__Problem to work on__: From the line that contains "太陽の日差しが暖かく、吹く風" to the final line of the records below, print each line exactly and leave every picture out.

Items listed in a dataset
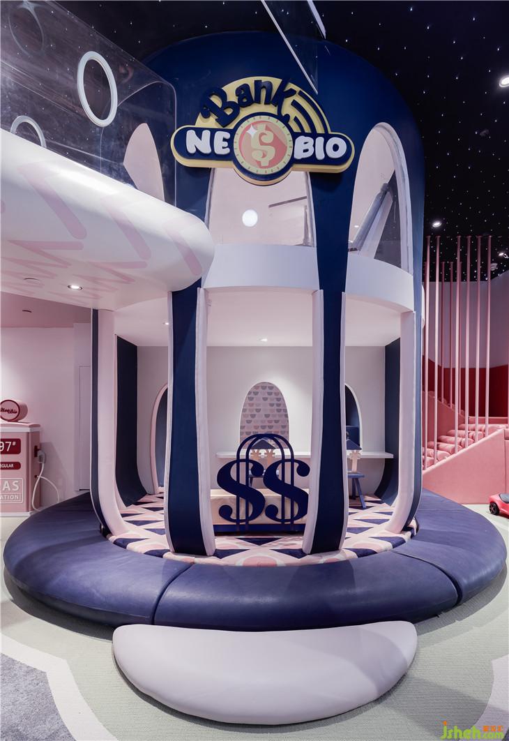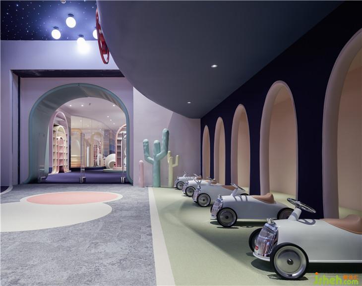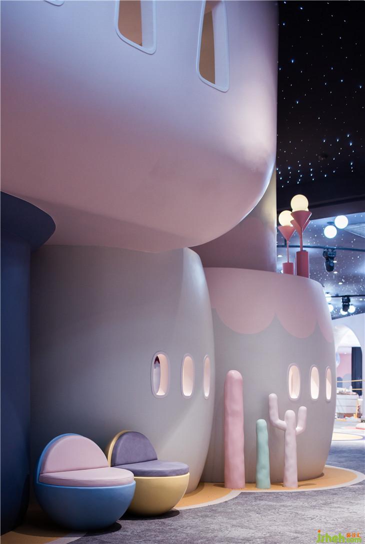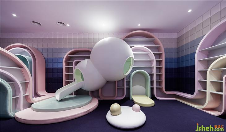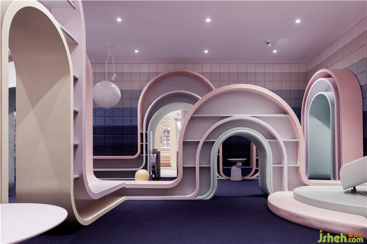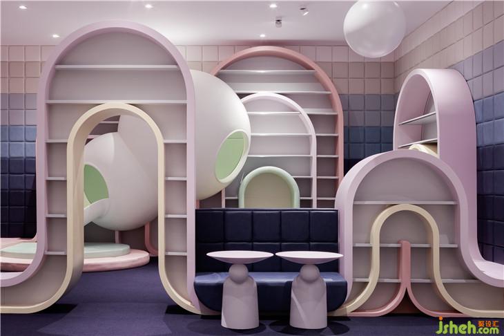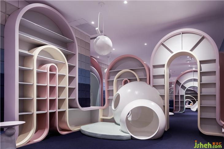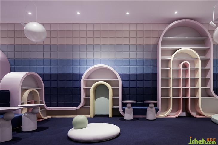 第二區(qū)域:圖書區(qū)--借用彩虹與云朵的關(guān)系表達(dá)雨過天晴后的絢麗景象,并用抽象后的構(gòu)圖完成書架功能以及孩子樂于實(shí)踐的爬高與鉆洞的娛樂功能。
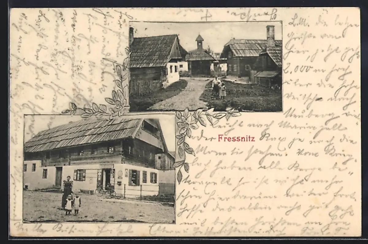AK Krieglach /Stmk., Fressnitz, Geschäft von Eustach Krätzer und Ortspartie
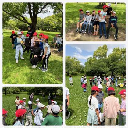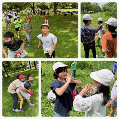 太陽の日差しが暖かく、吹く風が気持ち良く感じられる中、帰校前の自由時間です。子どもたちは、花いちもんめをしたり、散歩したり、あっち向いてホイをしたりとのんびりと楽しんでいます。
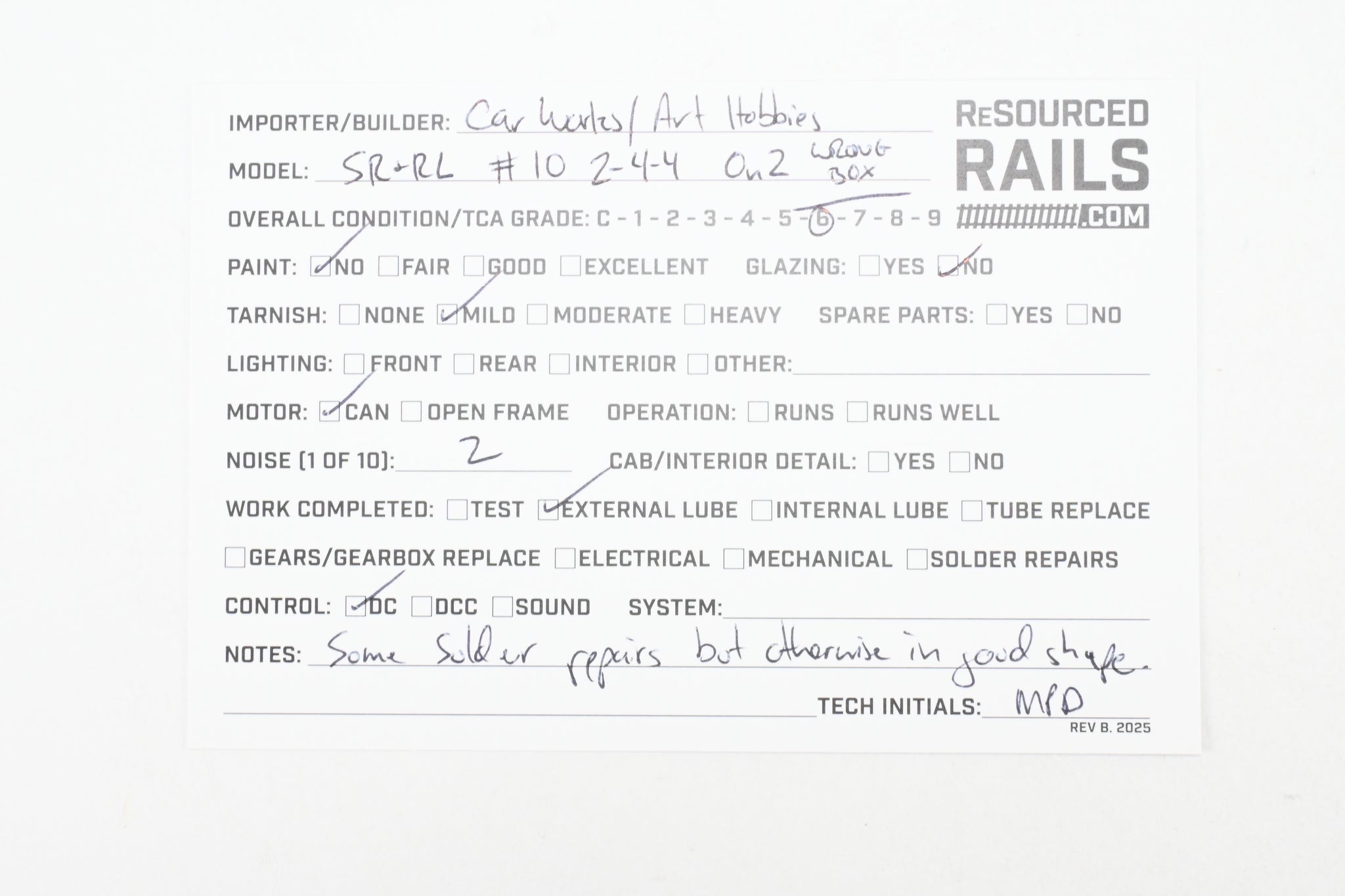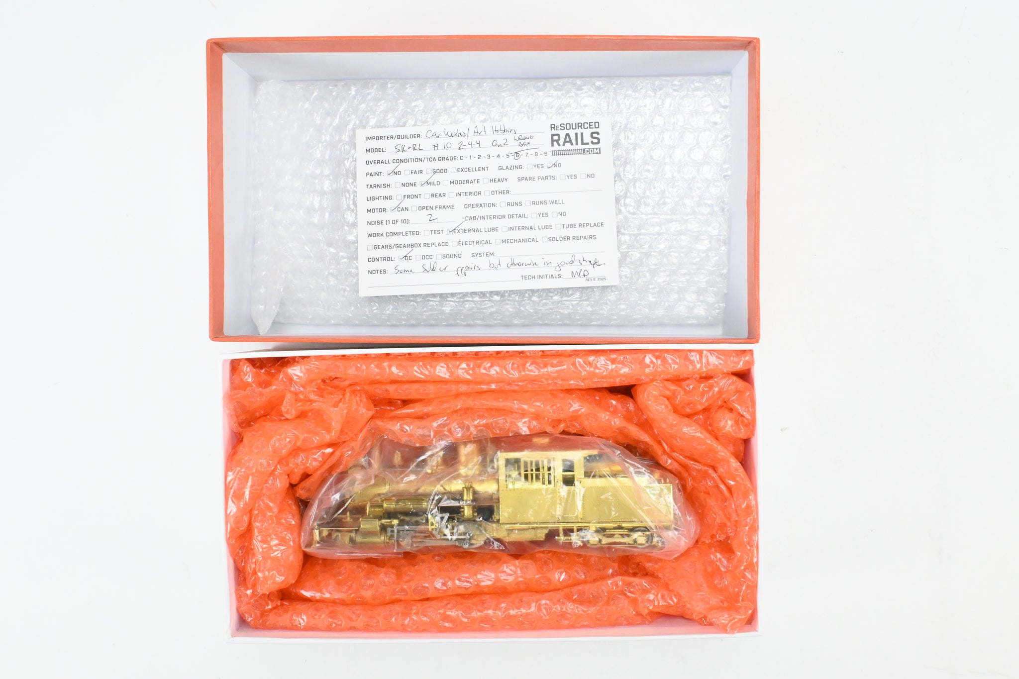 1991 run The Car Works imported model built by F. M. Models in Korea. Wrong box included but it shows very light shelf wear. Foam has been replaced with bubblewrap. No spare parts included. Model has minor tarnish. A nice model of a Forney 2-4-4T. A few minor solder repairs, but otherwise, in good shape. If you are into Maine Narrow Gauge, this model is for you!
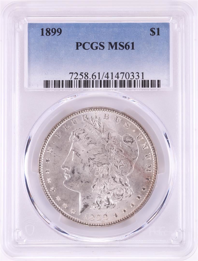 One 1899 $1 Morgan Silver Dollar Coin PCGS MS61.
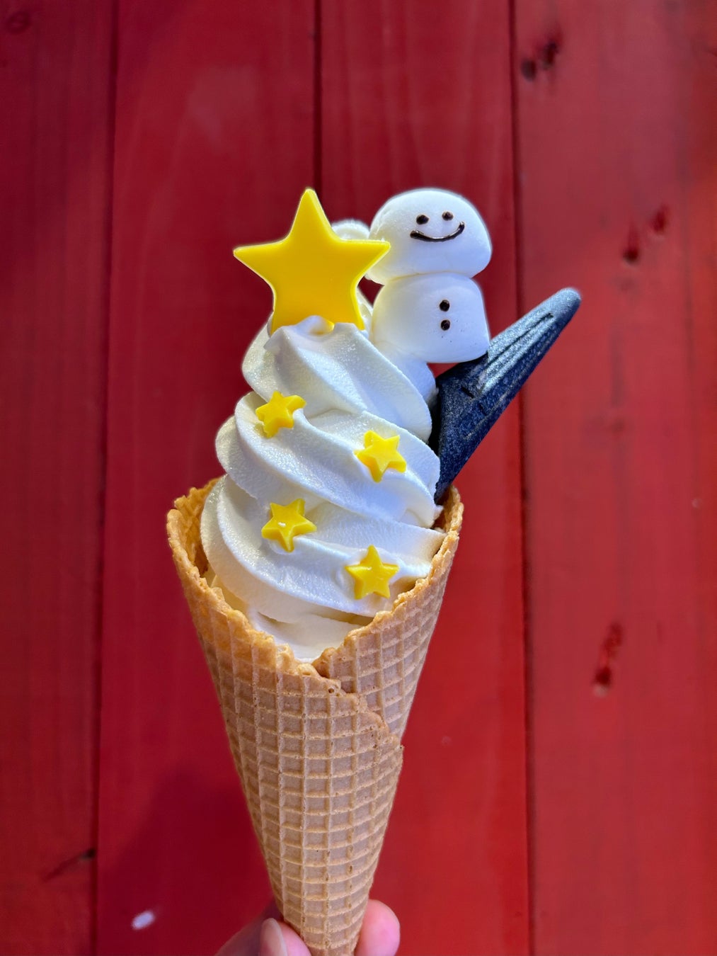内容:星のチョコをちりばめた一番人気の「牧場ミルク」にかわいいマシュマロの雪だるまがのった毎年大好評のクリスマス限定ソフト。

__Response area__:
 太陽の日差しが暖かく、吹く風が気持ち良く感じられる中、帰校前の自由時間です。子どもたちは、花いちもんめをしたり、散歩したり、あっち向いてホイをしたりとのんびりと楽しんでいます。
 1991 run The Car Works imported model built by F. M. Models in Korea. Wrong box included but it shows very light shelf wear. Foam has been replaced with bubblewrap. No spare parts included. Model has minor tarnish. A nice model of a Forney 2-4-4T. A few minor solder repairs, but otherwise, in good shape. If you are into Maine Narrow Gauge, this model is for you!
 One 1899 $1 Morgan Silver Dollar Coin PCGS MS61.
内容:星のチョコをちりばめた一番人気の「牧場ミルク」にかわいいマシュマロの雪だるまがのった毎年大好評のクリスマス限定ソフト。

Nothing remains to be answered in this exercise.